══ Available data

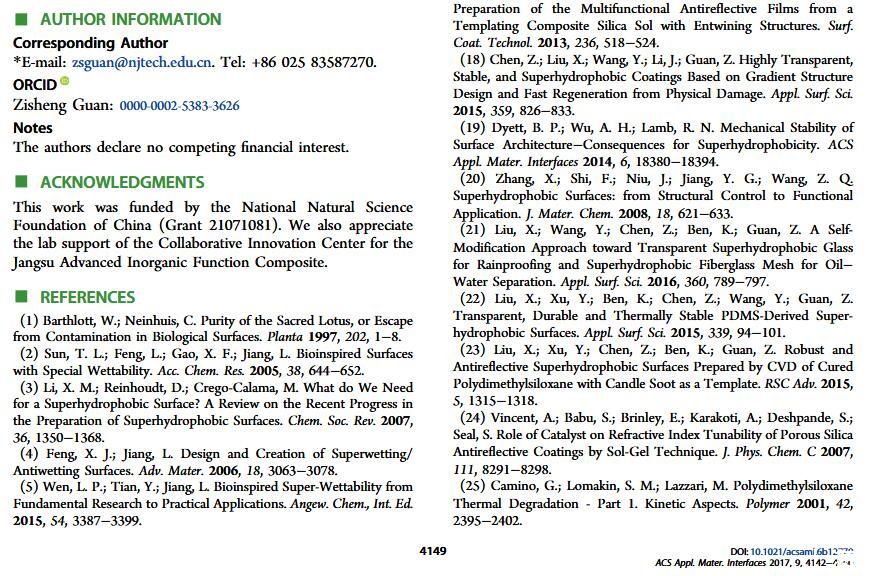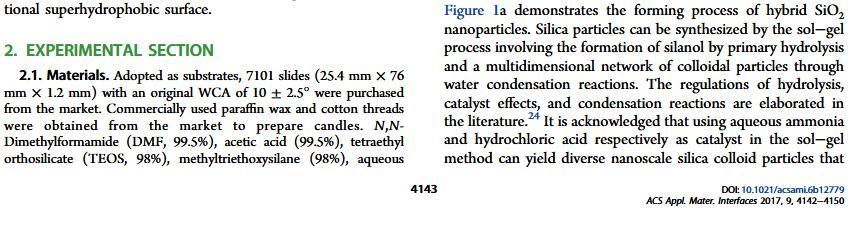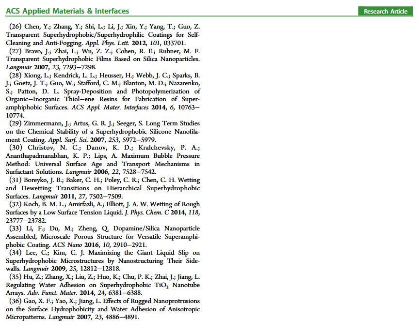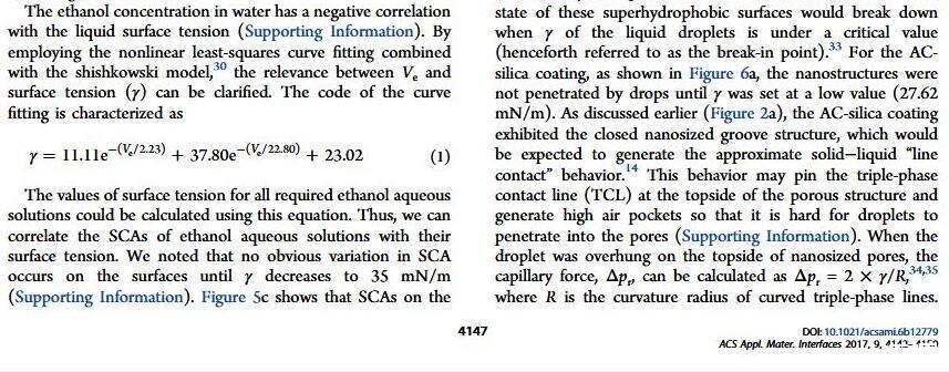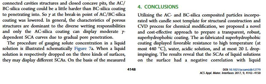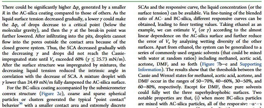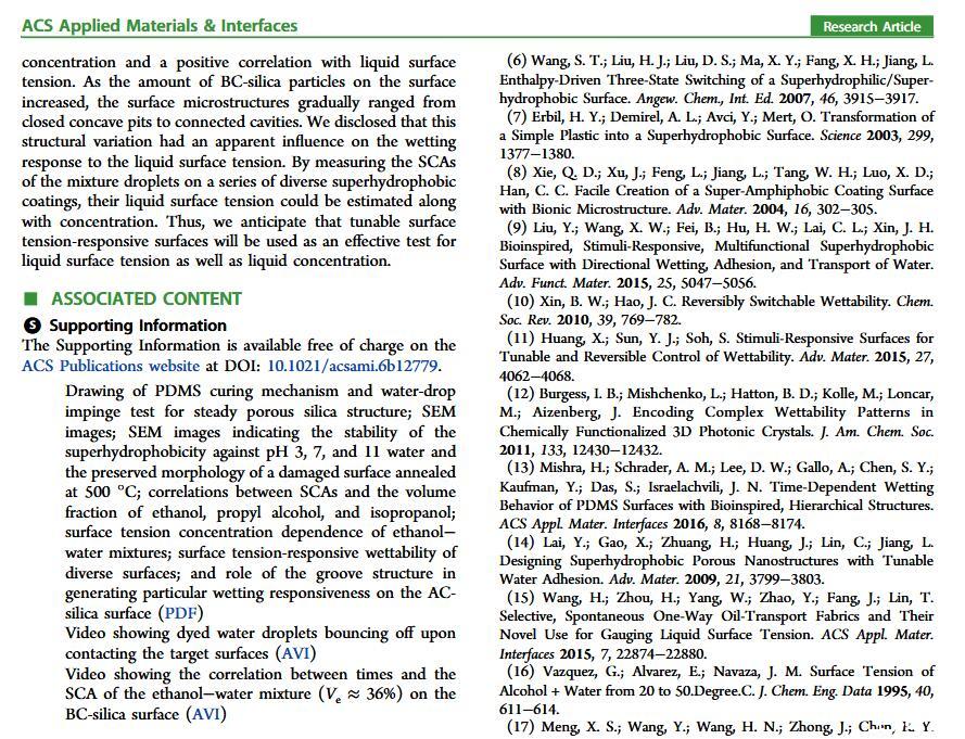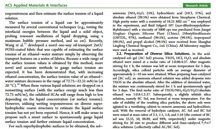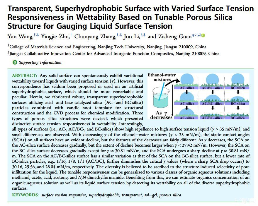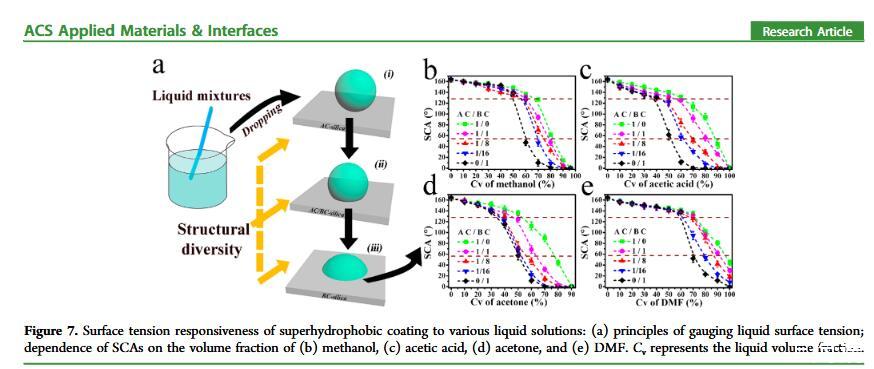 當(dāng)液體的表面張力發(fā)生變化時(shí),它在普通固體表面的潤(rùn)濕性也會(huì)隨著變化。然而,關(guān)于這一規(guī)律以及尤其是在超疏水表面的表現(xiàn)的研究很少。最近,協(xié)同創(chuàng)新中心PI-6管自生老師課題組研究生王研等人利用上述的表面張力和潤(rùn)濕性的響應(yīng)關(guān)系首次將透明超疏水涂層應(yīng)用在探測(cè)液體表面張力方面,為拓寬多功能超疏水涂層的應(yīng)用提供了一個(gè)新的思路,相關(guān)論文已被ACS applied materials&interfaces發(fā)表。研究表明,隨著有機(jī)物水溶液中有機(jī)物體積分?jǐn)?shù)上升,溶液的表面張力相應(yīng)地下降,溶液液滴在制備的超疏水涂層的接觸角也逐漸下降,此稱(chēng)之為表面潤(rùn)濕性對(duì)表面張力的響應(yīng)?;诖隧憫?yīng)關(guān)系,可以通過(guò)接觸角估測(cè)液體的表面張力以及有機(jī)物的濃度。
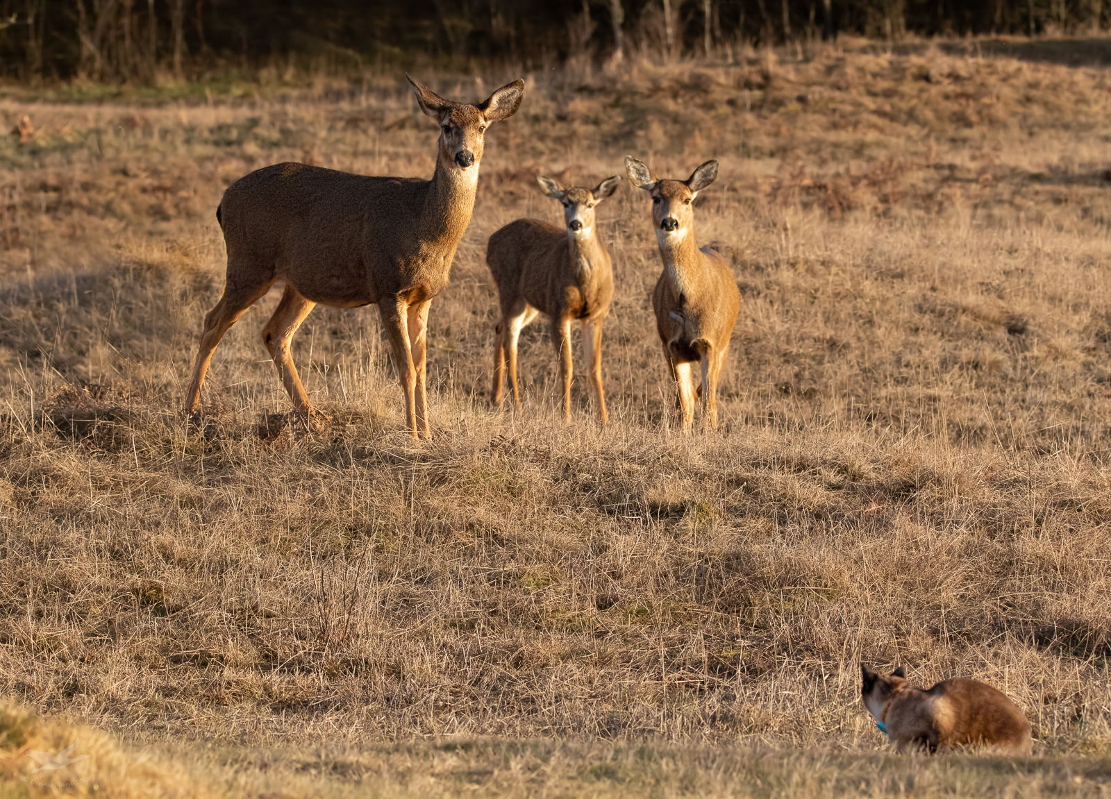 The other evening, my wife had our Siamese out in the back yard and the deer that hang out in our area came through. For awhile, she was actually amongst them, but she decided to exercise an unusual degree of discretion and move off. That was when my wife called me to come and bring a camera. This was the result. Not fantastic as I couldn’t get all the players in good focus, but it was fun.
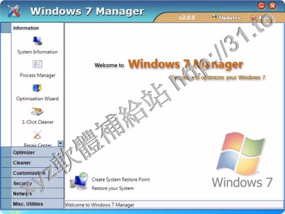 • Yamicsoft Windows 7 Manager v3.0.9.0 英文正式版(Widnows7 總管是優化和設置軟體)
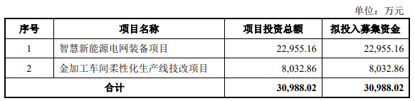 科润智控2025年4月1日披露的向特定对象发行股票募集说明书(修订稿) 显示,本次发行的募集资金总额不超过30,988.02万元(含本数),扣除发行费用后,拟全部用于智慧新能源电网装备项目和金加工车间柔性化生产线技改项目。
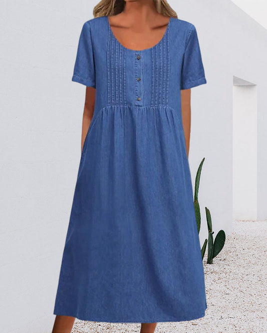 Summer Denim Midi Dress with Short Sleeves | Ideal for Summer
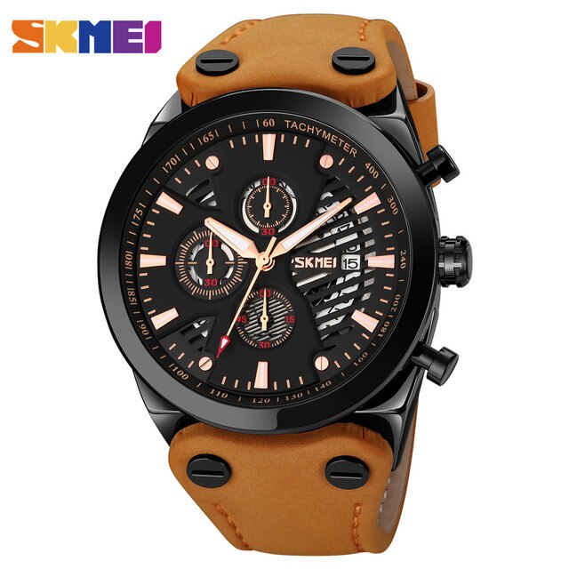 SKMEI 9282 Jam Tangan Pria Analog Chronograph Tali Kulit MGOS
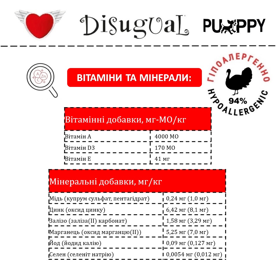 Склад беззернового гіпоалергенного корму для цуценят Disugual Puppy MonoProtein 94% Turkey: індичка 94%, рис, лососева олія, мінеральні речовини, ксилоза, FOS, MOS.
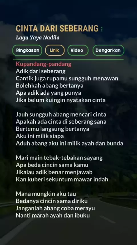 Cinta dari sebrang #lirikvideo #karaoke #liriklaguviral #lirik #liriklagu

════

Set down again, word for word, every line from the one with "科润智控2025年4月1日披" to the one with "SKMEI 9282 Jam" in the entries above, and omit the pictures.

- Answer to this task:
 科润智控2025年4月1日披露的向特定对象发行股票募集说明书(修订稿) 显示,本次发行的募集资金总额不超过30,988.02万元(含本数),扣除发行费用后,拟全部用于智慧新能源电网装备项目和金加工车间柔性化生产线技改项目。
 Summer Denim Midi Dress with Short Sleeves | Ideal for Summer
 SKMEI 9282 Jam Tangan Pria Analog Chronograph Tali Kulit MGOS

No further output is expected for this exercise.